For every record that follows, transcribe the text exactly and leave any image out.

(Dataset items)
:::::

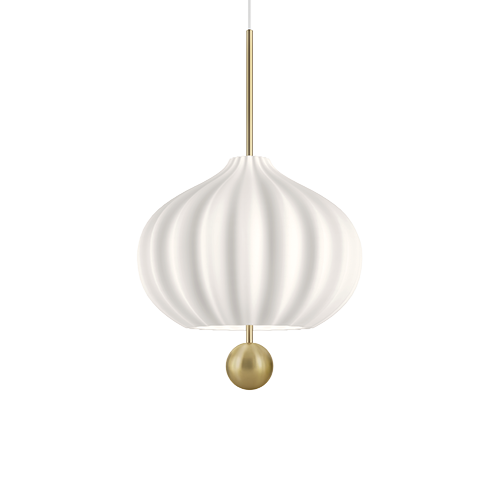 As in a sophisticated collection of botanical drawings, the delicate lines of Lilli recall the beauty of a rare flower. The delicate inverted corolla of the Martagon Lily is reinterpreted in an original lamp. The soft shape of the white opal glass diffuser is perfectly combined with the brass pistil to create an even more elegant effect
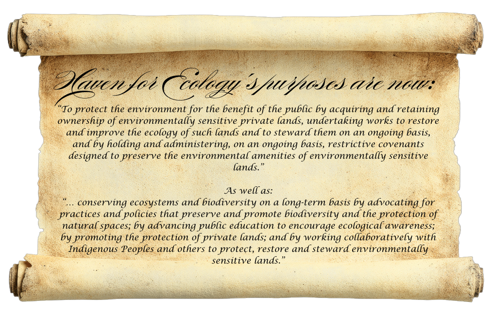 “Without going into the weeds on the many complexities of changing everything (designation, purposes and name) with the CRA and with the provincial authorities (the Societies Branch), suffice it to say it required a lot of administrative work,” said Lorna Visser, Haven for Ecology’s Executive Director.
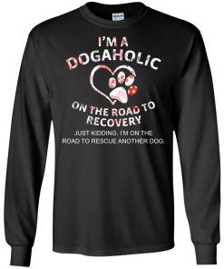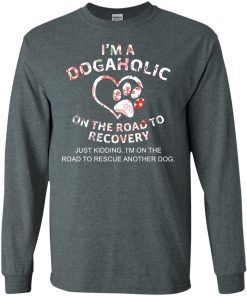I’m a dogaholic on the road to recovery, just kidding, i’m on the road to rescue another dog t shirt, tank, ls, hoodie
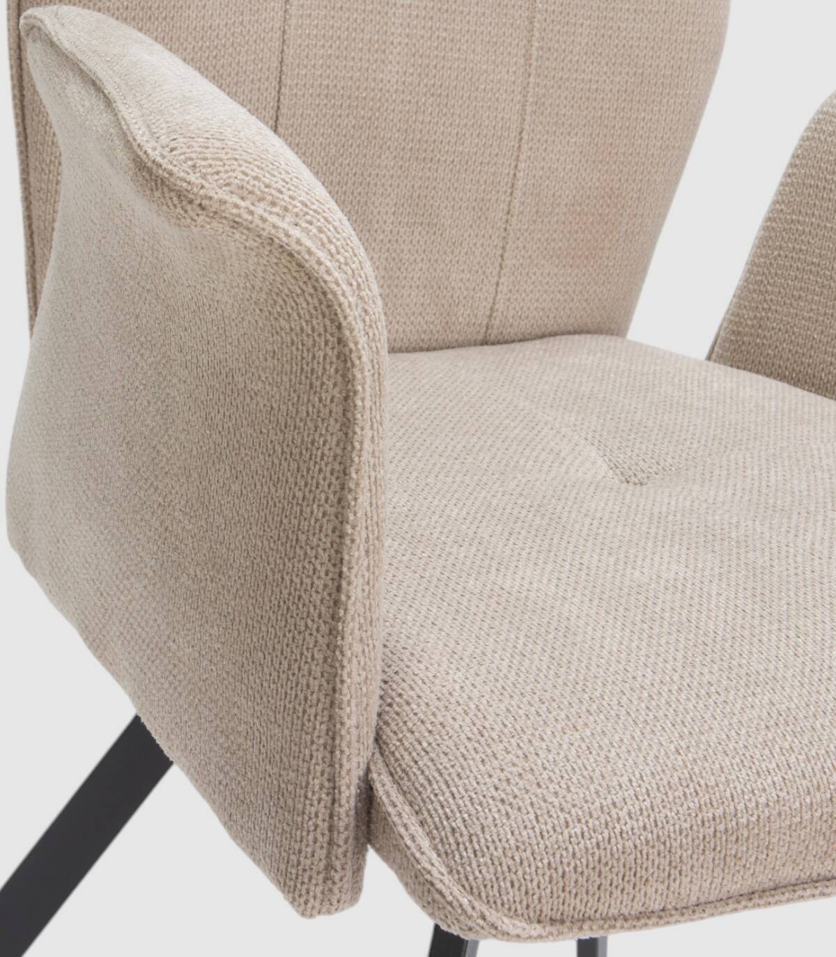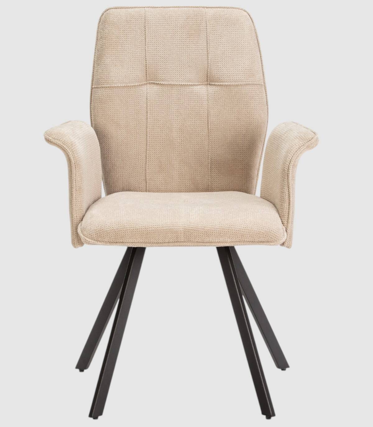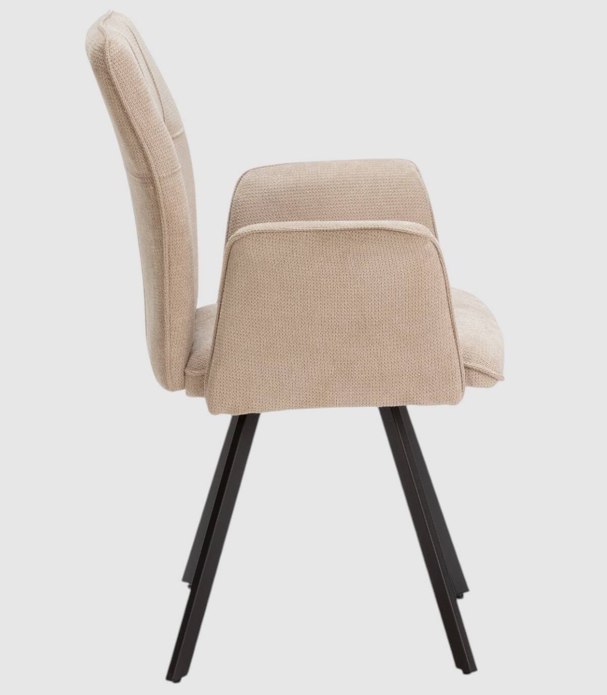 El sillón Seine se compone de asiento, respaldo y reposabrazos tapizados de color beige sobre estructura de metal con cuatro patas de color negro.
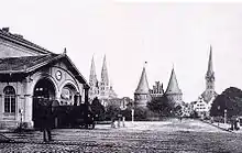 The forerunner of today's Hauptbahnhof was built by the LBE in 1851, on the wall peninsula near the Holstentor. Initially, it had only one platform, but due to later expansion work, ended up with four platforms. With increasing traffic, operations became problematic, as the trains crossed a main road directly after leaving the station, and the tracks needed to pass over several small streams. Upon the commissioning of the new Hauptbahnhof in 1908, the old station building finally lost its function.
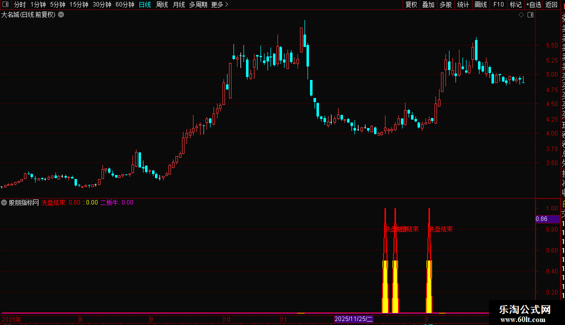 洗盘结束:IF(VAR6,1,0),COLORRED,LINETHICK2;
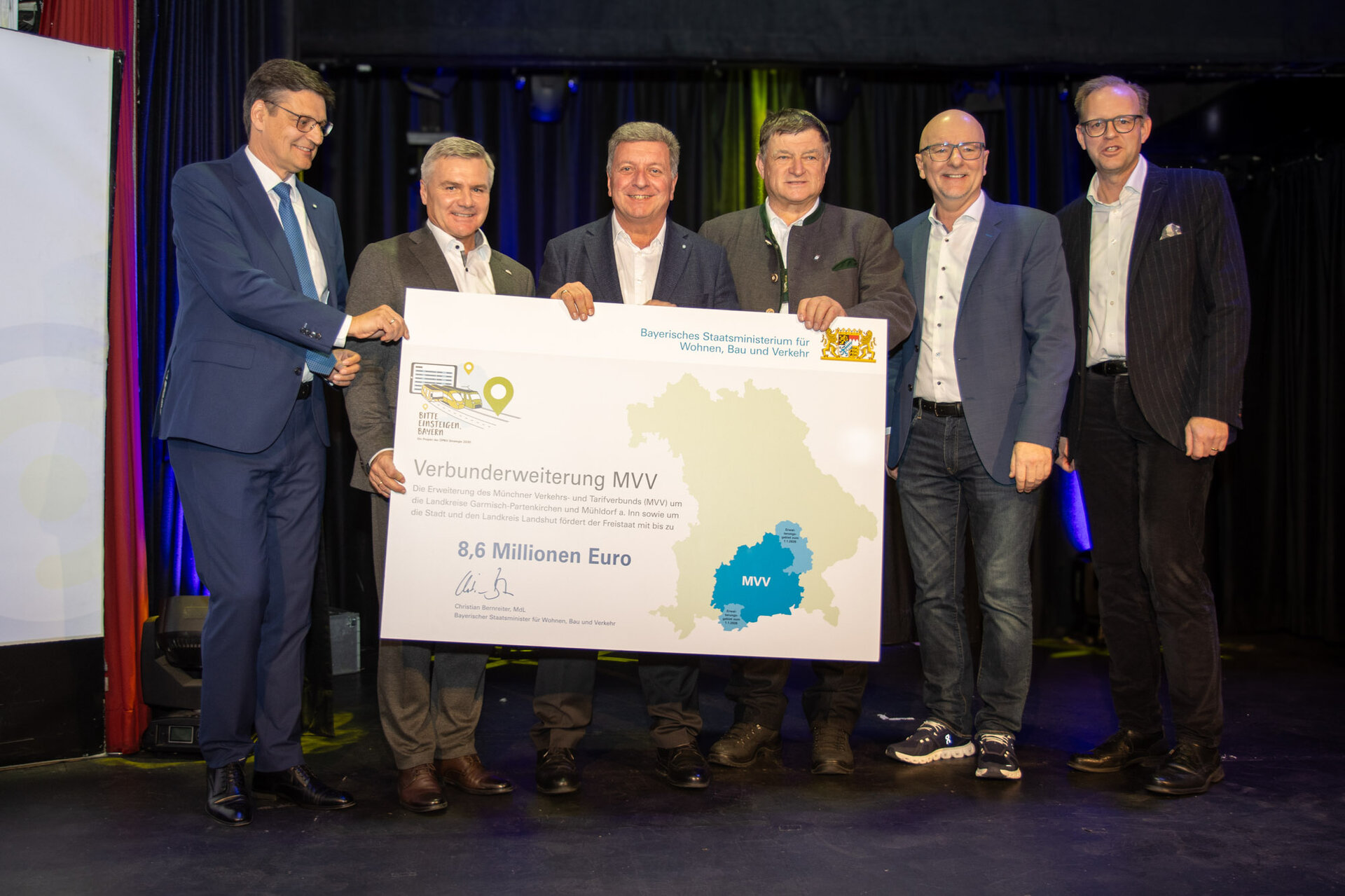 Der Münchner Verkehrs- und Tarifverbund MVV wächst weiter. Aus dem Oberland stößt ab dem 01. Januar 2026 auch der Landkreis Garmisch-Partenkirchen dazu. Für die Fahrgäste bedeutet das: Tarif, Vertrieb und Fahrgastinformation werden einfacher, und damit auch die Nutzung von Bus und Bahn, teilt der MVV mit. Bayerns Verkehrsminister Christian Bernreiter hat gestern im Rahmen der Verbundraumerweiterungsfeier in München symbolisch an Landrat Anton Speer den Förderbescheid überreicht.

:::::

- Problem solution:
 As in a sophisticated collection of botanical drawings, the delicate lines of Lilli recall the beauty of a rare flower. The delicate inverted corolla of the Martagon Lily is reinterpreted in an original lamp. The soft shape of the white opal glass diffuser is perfectly combined with the brass pistil to create an even more elegant effect
 “Without going into the weeds on the many complexities of changing everything (designation, purposes and name) with the CRA and with the provincial authorities (the Societies Branch), suffice it to say it required a lot of administrative work,” said Lorna Visser, Haven for Ecology’s Executive Director.
I’m a dogaholic on the road to recovery, just kidding, i’m on the road to rescue another dog t shirt, tank, ls, hoodie
 El sillón Seine se compone de asiento, respaldo y reposabrazos tapizados de color beige sobre estructura de metal con cuatro patas de color negro.
 The forerunner of today's Hauptbahnhof was built by the LBE in 1851, on the wall peninsula near the Holstentor. Initially, it had only one platform, but due to later expansion work, ended up with four platforms. With increasing traffic, operations became problematic, as the trains crossed a main road directly after leaving the station, and the tracks needed to pass over several small streams. Upon the commissioning of the new Hauptbahnhof in 1908, the old station building finally lost its function.
 洗盘结束:IF(VAR6,1,0),COLORRED,LINETHICK2;
 Der Münchner Verkehrs- und Tarifverbund MVV wächst weiter. Aus dem Oberland stößt ab dem 01. Januar 2026 auch der Landkreis Garmisch-Partenkirchen dazu. Für die Fahrgäste bedeutet das: Tarif, Vertrieb und Fahrgastinformation werden einfacher, und damit auch die Nutzung von Bus und Bahn, teilt der MVV mit. Bayerns Verkehrsminister Christian Bernreiter hat gestern im Rahmen der Verbundraumerweiterungsfeier in München symbolisch an Landrat Anton Speer den Förderbescheid überreicht.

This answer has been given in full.